Когда за ним захлопнулась дверь, чекисты облегченно вздохнули.
— Мог и пристрелить, — сказал один.
— Да, скор на управу, — добавил другой. — От такого не уйти.
Тойво с этим не мог не согласиться: вопьется клещом — не сбросить. Иметь такого врага нежелательно, тем более, когда на кону только что обретенная свобода Лотты и ее семьи. В смутное время главенствовать силовыми структурами могли только решительные до самопожертвования люди. Они жертвовали своей душой, не боясь марать руки в крови. Раз благие цели, то и дела — тоже благие.
Самыми преданными делу Рабоче-Крестьянской Революции были евреи, латыши и чехи. Именно их приказами и устанавливался новый порядок: пулями, штыками и шомполами.

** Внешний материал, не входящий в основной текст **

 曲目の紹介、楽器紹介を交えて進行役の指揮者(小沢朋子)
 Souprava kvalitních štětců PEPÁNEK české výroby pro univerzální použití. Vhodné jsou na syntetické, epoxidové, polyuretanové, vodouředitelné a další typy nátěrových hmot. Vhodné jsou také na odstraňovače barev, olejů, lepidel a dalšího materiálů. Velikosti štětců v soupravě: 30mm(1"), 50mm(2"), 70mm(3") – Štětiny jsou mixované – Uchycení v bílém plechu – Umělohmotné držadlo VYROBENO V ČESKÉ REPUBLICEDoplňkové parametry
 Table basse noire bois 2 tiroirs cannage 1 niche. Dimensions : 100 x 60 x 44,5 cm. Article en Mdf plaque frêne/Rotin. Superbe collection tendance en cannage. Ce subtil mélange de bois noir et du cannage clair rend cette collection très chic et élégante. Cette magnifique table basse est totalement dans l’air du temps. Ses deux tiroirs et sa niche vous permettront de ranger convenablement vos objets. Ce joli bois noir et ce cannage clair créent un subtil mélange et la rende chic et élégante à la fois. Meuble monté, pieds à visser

— Теперь и нам надо поработать, — сказал Тынис, подойдя к Тойво, намекая на научную часть их договоренности.
— Что — прямо сейчас?
— Конечно, отдохнуть не помешает, — зевнул эстонец. — Надо только с постоем определиться. А с вечера и начнем. Ну, а завтра я уеду в Семипалатинск.

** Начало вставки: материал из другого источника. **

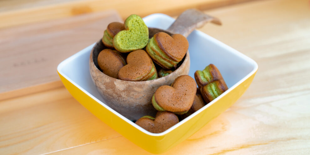 たっぷりのハチミツバターと小松菜パウダーを練り込んだハートのベビーカステラ。真っ赤な車で営業中!冷めてもしっとりふわふわです。おやつや朝食にピッタリです。江戸川土産として大変喜ばれています。※出店も募集中です。
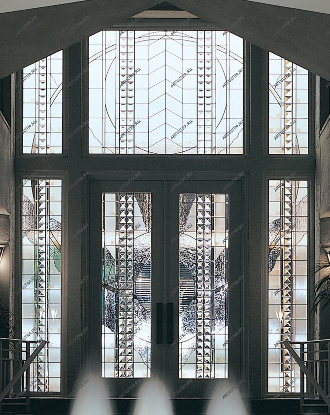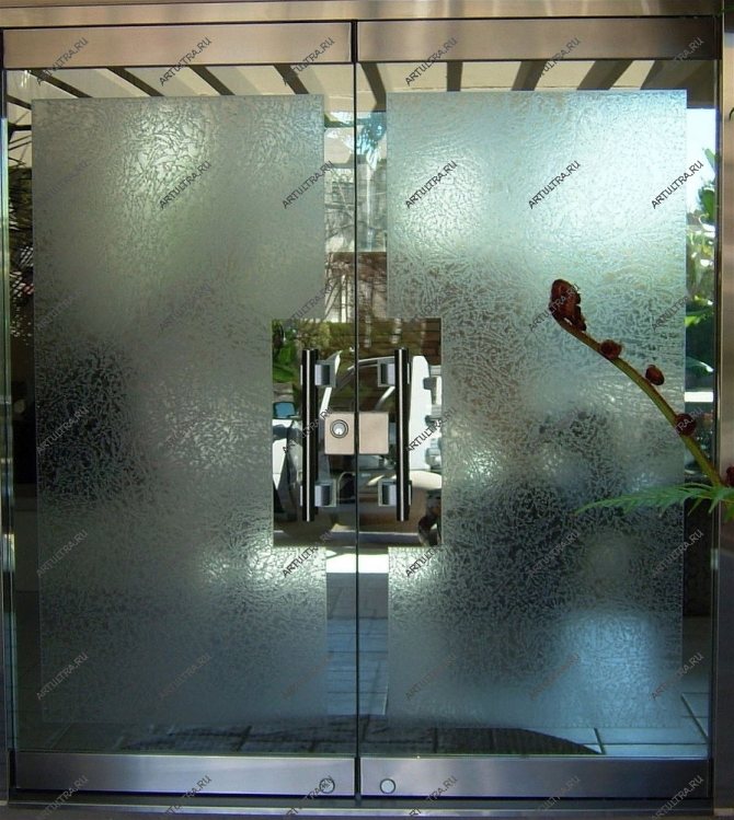 Les verres et autres composants en ce matériau peuvent être décorés avec une machine de sablage, impression photo, sérigraphie, gravure. En ce qui concerne les options coûteuses, l'installation de vitraux classiques est autorisée ici. Les modifications forgées semblent très avantageuses. Ils sont durables, mais nécessitent un entretien sérieux et l'utilisation de matériaux anticorrosion.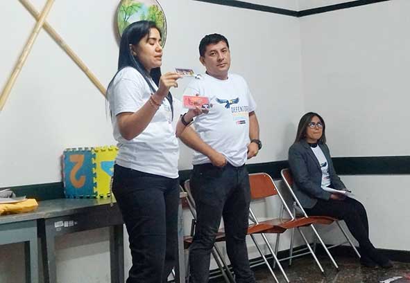Los participantes al taller recibieron un gorro, un pin con distintivos del Ministerio de Cultura y la frase: Defensores del Patrimonio Cultural y un fólder con separatas referentes al Patrimonio Cultural y varias cartillas ilustrativas.

Они побрели к ближайшему постоялому двору, оставив чекистов заниматься своими утренними делами: разводкой, учением, определением погибших бандитов, доставкой раненного героя Имре в больничку. Товарищ Лацис, отбивший в губернию молнию об уничтожении четверых контрреволюционеров, пребывал в благостном (выделено мной: от слова black — черный) настроении. Чтобы доказывать свою преданность делу, нужны жертвоприношения, и лучше, если они будут не со стороны пламенных борцов, а со стороны мирного, так сказать, населения.
Имре глядел в больничный потолок и копил злобу. Он злился на Мищенко, втянувшего его в оказавшейся проигрышной авантюру, на карлика Лациса, на пьяниц-чекистов и на отряженную за обещания барыша шпану, на счастливчика Тойво, которому просто везет и, вообще, на весь мир. Однако ничего еще не потеряно: чухонец никуда не подевался, Мищенко пока не приехал, нога беспокоит не сильно. Завтра можно вновь что-нибудь придумать.

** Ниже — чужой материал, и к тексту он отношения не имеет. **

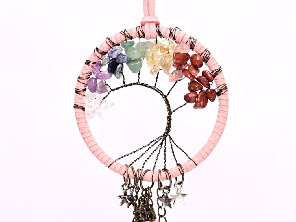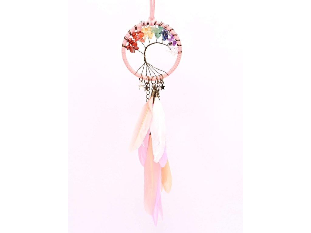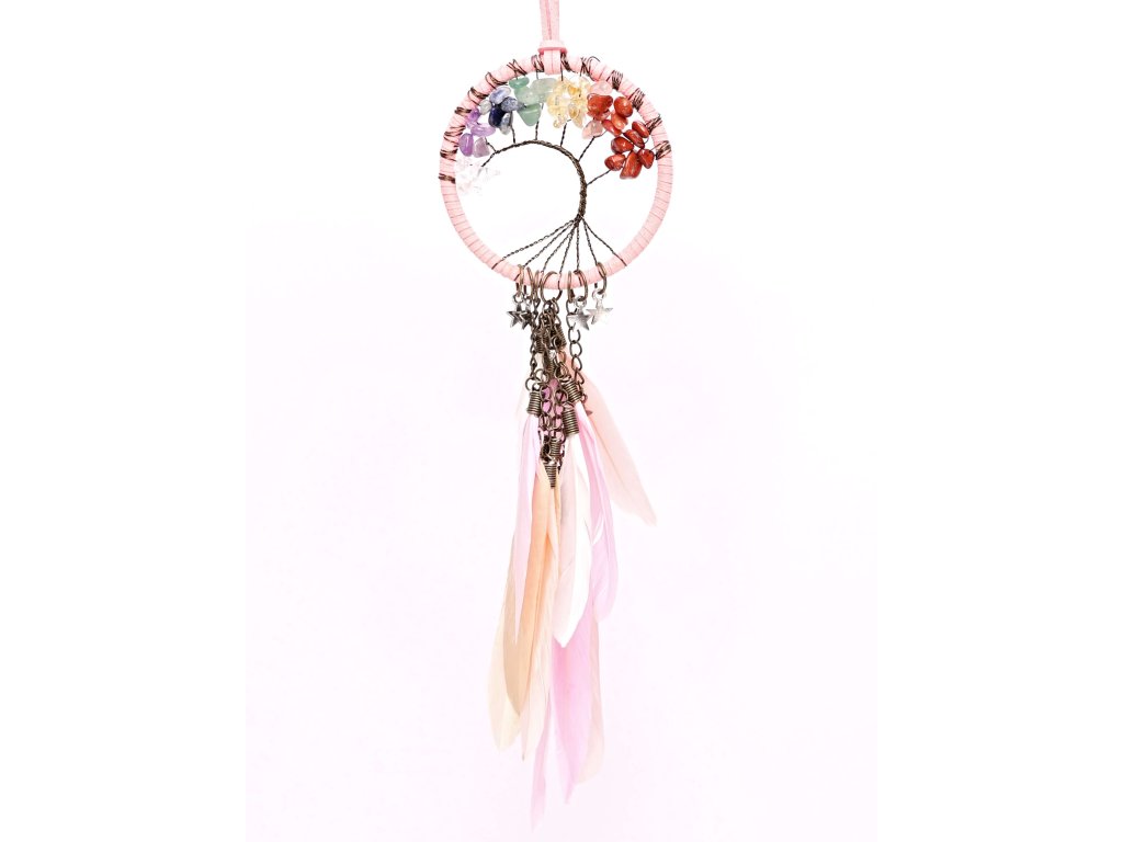 Okouzlující lapač snů s motivem stromu života, vyrobený s jemností a smyslem pro detail. Kruhový rám o průměru cca 8 cm je obtočen růžovým semišovým provázkem a vyplněn drátěným stromem, jehož korunu tvoří barevné minerální kamínky symbolizující čakry – od červené po fialovou. 🌈

Лотта ехала в поезде с Костромы, намереваясь сойти в Бологое. Там уже было и вовсе рукой подать до Питера. Никто из ее семьи не разговаривал, не плакал и не радовался. Все были настолько опустошены, что на эмоции не было ни сил, ни желания. Лишь отец пробормотал: «Чудом ушли, чудом».
Их некоторая обветшалость в одежде компенсировалась мандатом с печатью и подписью, легализирующим их путешествие. Впрочем, тогда еще на вокзалах народ не хватали абы за что.
А двое «спасителей» разговаривали между собой без умолку.
— Теперь можно угол снять и с казарм съехать, — сказал один.
— Да, — через пятнадцать минут ответил другой. — Поесть в столовой можно, как человеку. И к работе пристроиться.
— Ты куда пойдешь работать? — спустя час поинтересовался первый финн. — В ментовку?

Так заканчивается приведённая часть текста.